A Nigerian writer and visual artist whose work explores the body in the context of memory, African-futurism, mythology, migration, utopia, and the unconscious self. Published in 2018, his African-futurist collection of short stories “We Won’t Fade into Darkness” was shortlisted for the Saraba Manuscript Prize. His debut novel “The Madhouse” was published in 2021 by Masobe Books and Penguin Random House SA, while his second novel “People Live Here” is slated for a 2022 release.

Ochai Ogaba

Ochai Ogaba is a dancer, choreographer, and photographer based in Kaduna State, Nigeria. He is the founder and creative director of Mud Art Dance Company. In his practice, he uses dance and photography to tell stories that highlight the history, culture, heritage, and daily lives of the people in the northern region of Nigeria. He is driven by the passion to heal and create safe spaces from sectarian wars and terrorism in Northern Nigeria, using the arts and culture as a tool.

Dormant youth

Dormantyouth

DORMANTYOUTH is a Johannesburg-based, non-binary (they/them) architect, who uses their alias to express DJ-ing as a research method for their now complete masters dissertation in Architecture (GSA at the University of Johannesburg) on mixing music as an act of temporal place-making within the night club space.
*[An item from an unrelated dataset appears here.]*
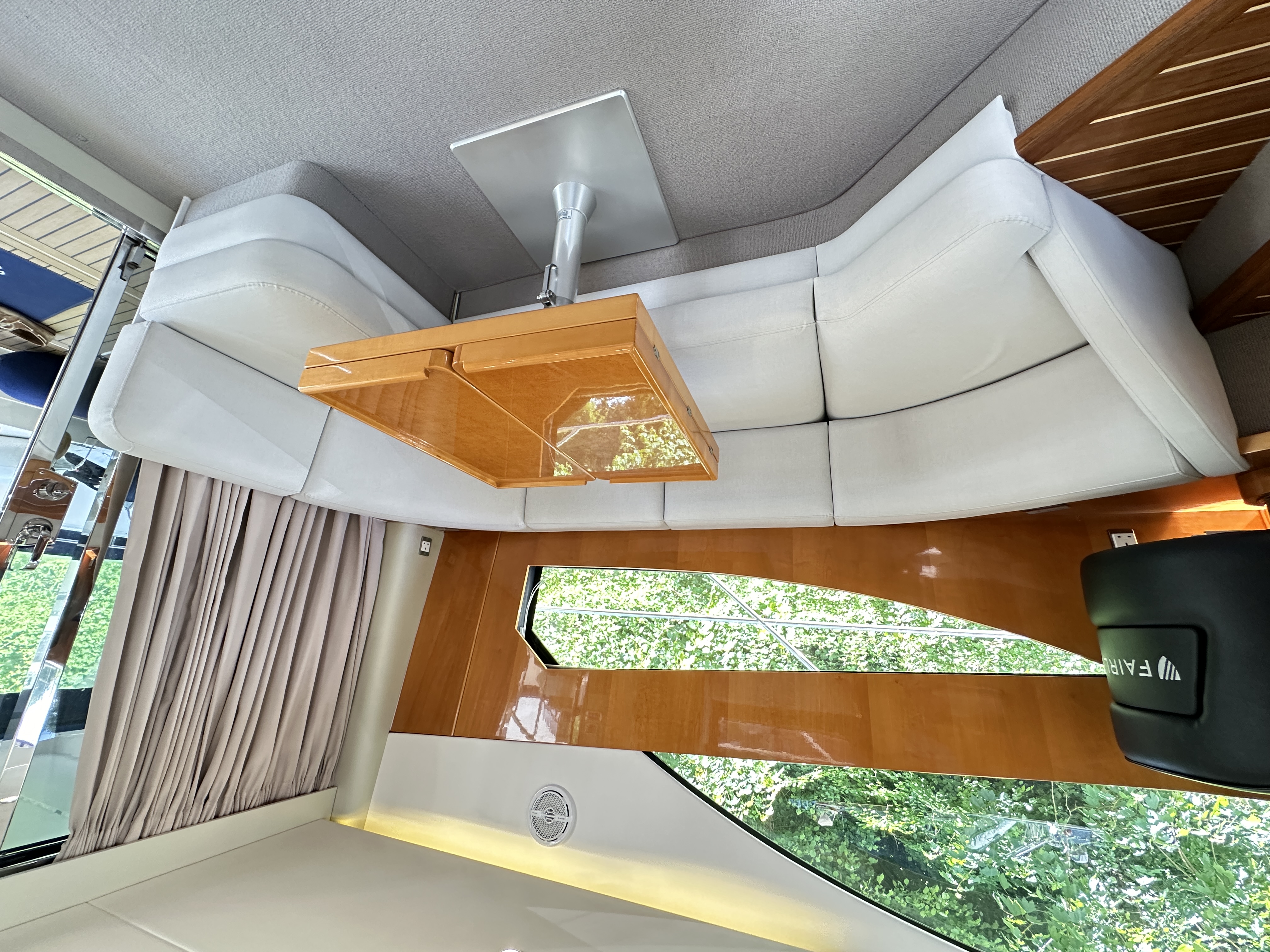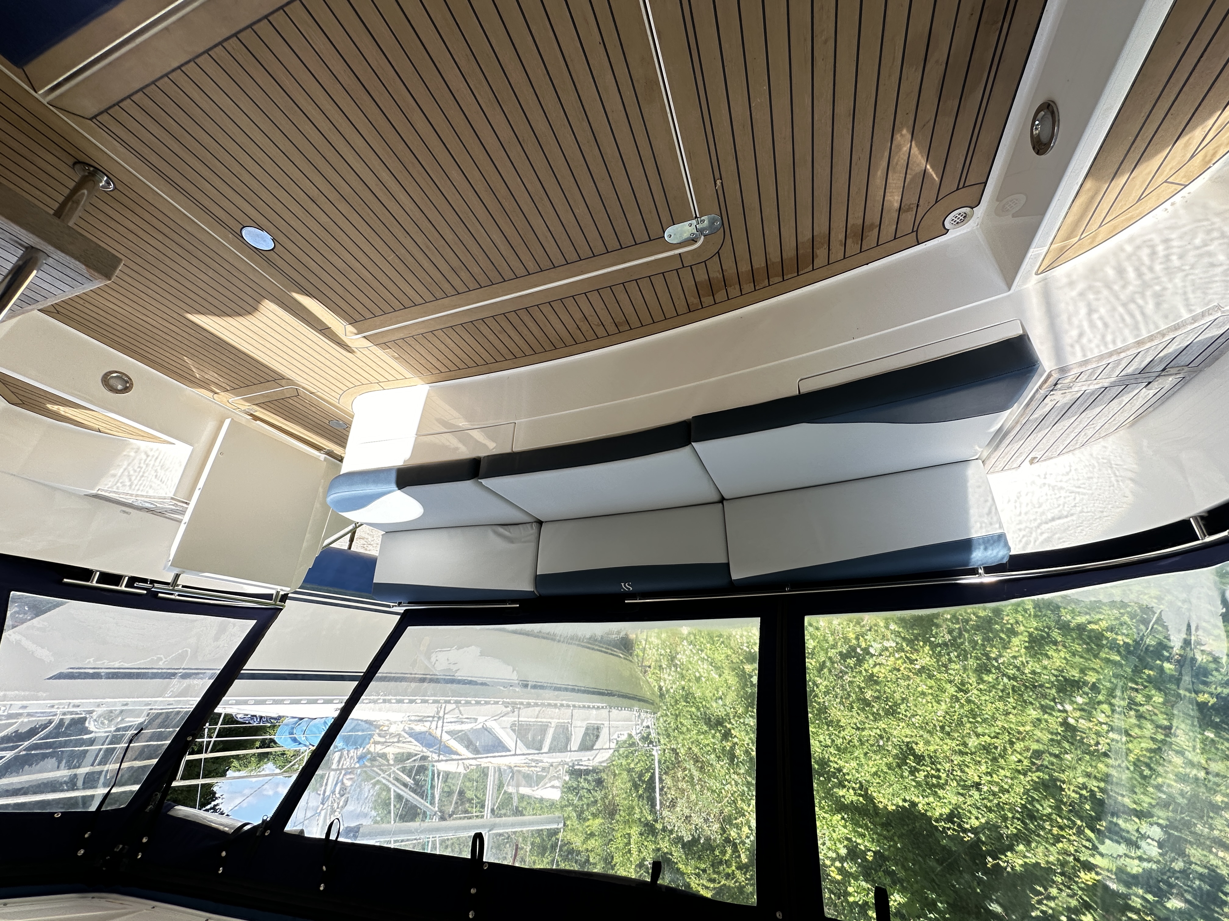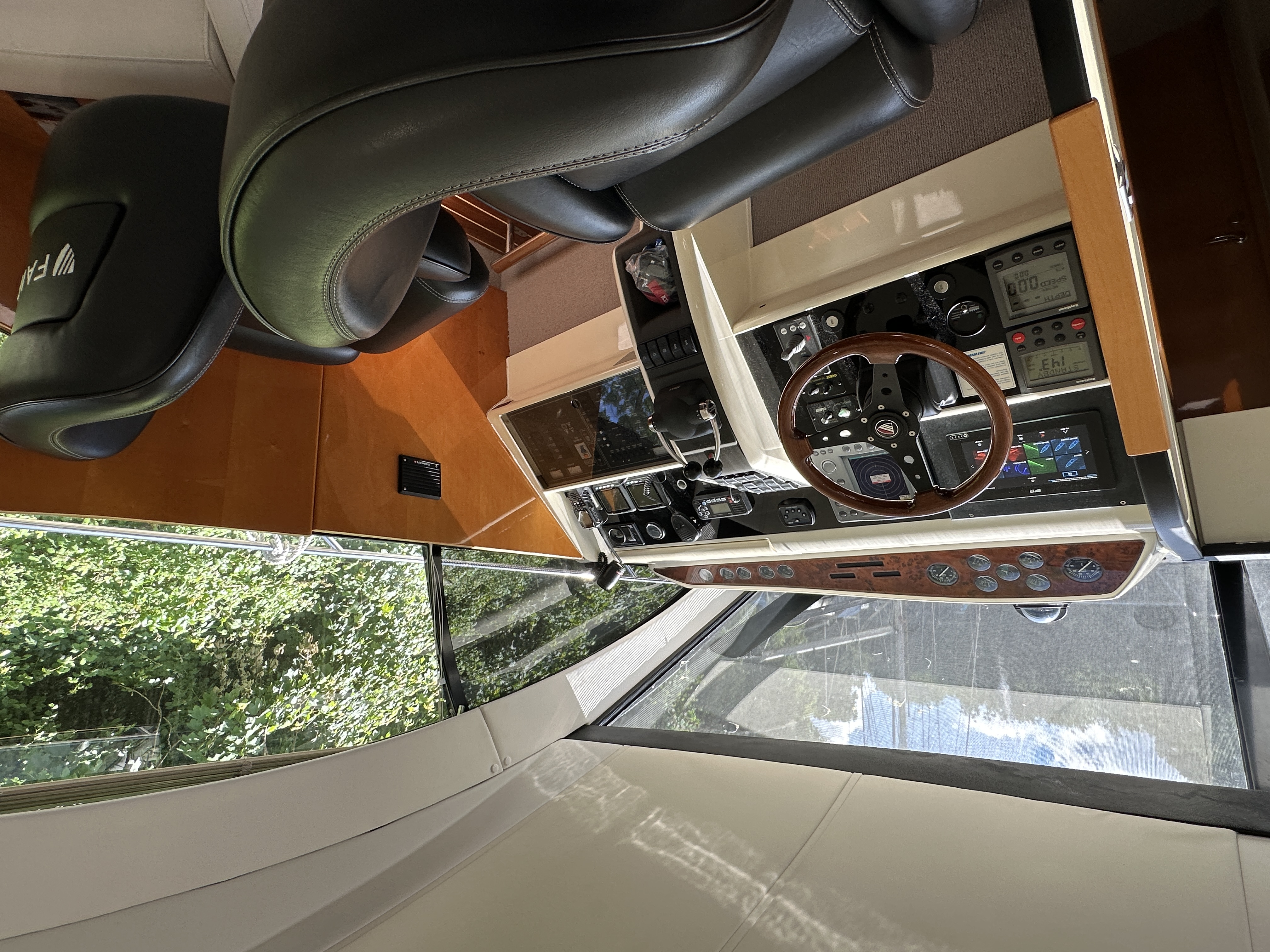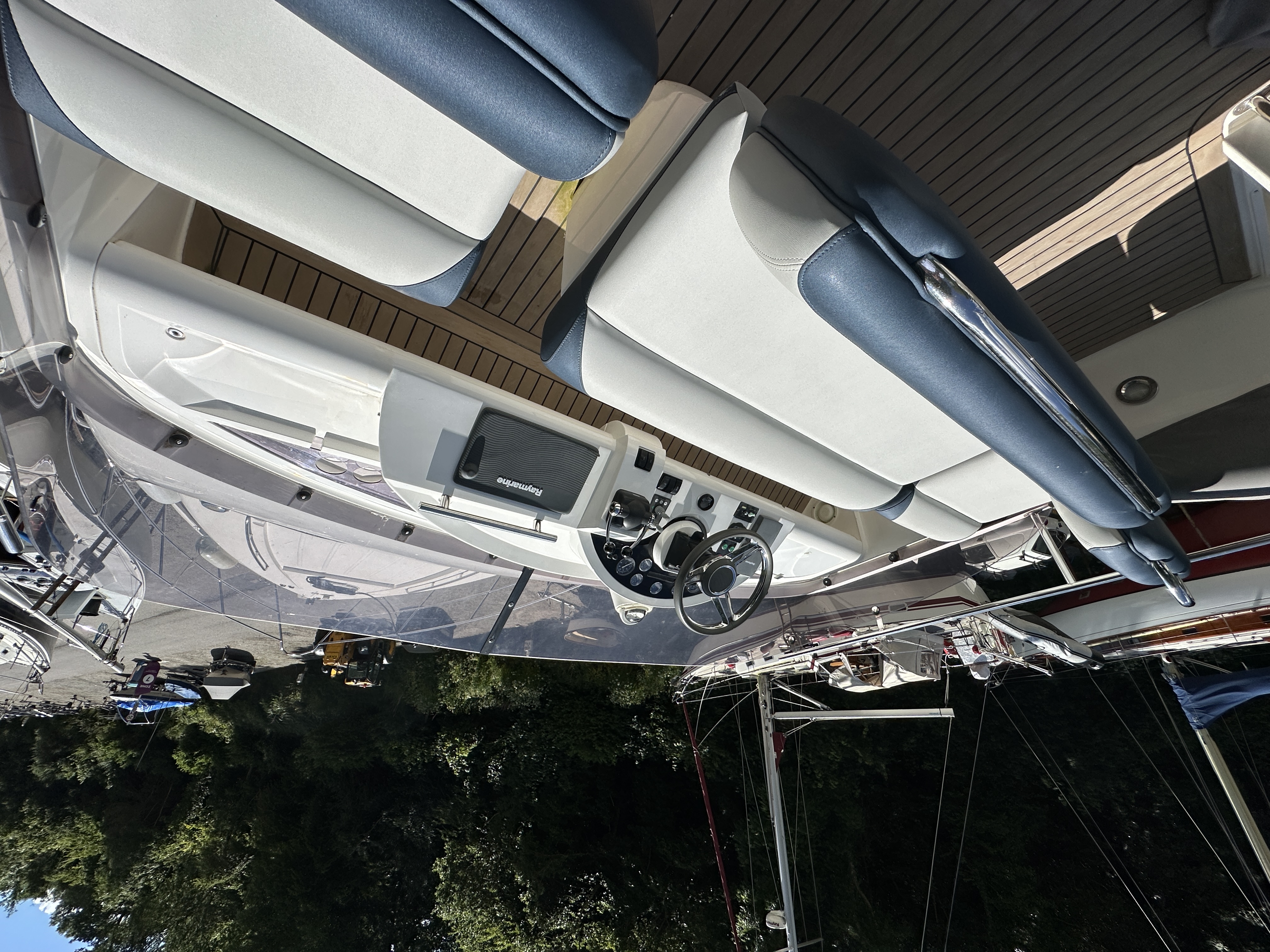 Flybridge helm position with double helm seat + two co-pilot seats.

This was born from their obsession with the intersection of music and architecture within music subculture gatherings in nocturnal Johannesburg.  

Motlhoki

Motlhoki completed her Honours in Fine Art at the University of the Witwatersrand, graduated with five distinctions and two awards. Her studio practice is in Johannesburg. She uses video and printmaking as tools to investigate the textures of intimacies and violences implicated in romantic love. Nuanced ideas of inheritance, consumption, texture, and materiality are notable qualities in her work. Her practice is characterised by a valorisation, problematisation and curiosity towards black love. 

MERVKi The Creator

MERVKi The Creator, Emmanuel Tchawi is a content creator, creative director and a fashion designer based in Dar es salaam, Tanzania. He graduated from the University of Dar es salaam with a BA in Art and films in 2020. Over the years he has been working with international photographers, designers, and creators to produce visual content and collections inspired by African culture and society. His work produces Impactful images which were exhibited at Nafasi Art space in Dar es Salaam in 2019.

Baya Medhaffar

A Tunisian artist, Baya graduated in cinema and Philosophy at the University of Vincennes - Saint Denis (Paris). She started as an actress and singer before turning to documentary and experimental filmmaking. In 2019, she was an assistant director in the film "Bidoun 4" by Jilani Saadi. In 2021 she released her first short essay "Festina Lenteيا عم الشيفور" which premiered at FID Marseille and was awarded an artistic excellence prize at Festival des Cinémas Différents et Expérimentaux de Paris.

Letaru

Letaru

Letaru is a Ugandan visual and conceptual artist based in Kampala. Social scientist by training, she studied a Bachelor's of Social Sciences programme, majoring in Humanitarian Law (2014) and received a Masters degree in International Development from Sciences Po Paris, France. Exhibited as part of Collage Broadly Defined, and Playing to the Gallery at Afriart Gallery Kampala in 2020; her work reexamines history, comments on post-colonialism and responds to the current socio-political events.

Millz

Based in Harare, Millz is a playwright, actor, gamer, and public advocacy consultant. He has an MA in Public Advocacy and Activism (National University of Ireland, Galway - 2020) and has a BA in Theatre Arts (University of Zimbabwe - 2013). As a scholar-practitioner, his artistic practice is focused on formulating actionable frameworks for integrating young people, the arts, and technology with advocacy efforts, to affect change and influence socio-cultural, political, and economic development.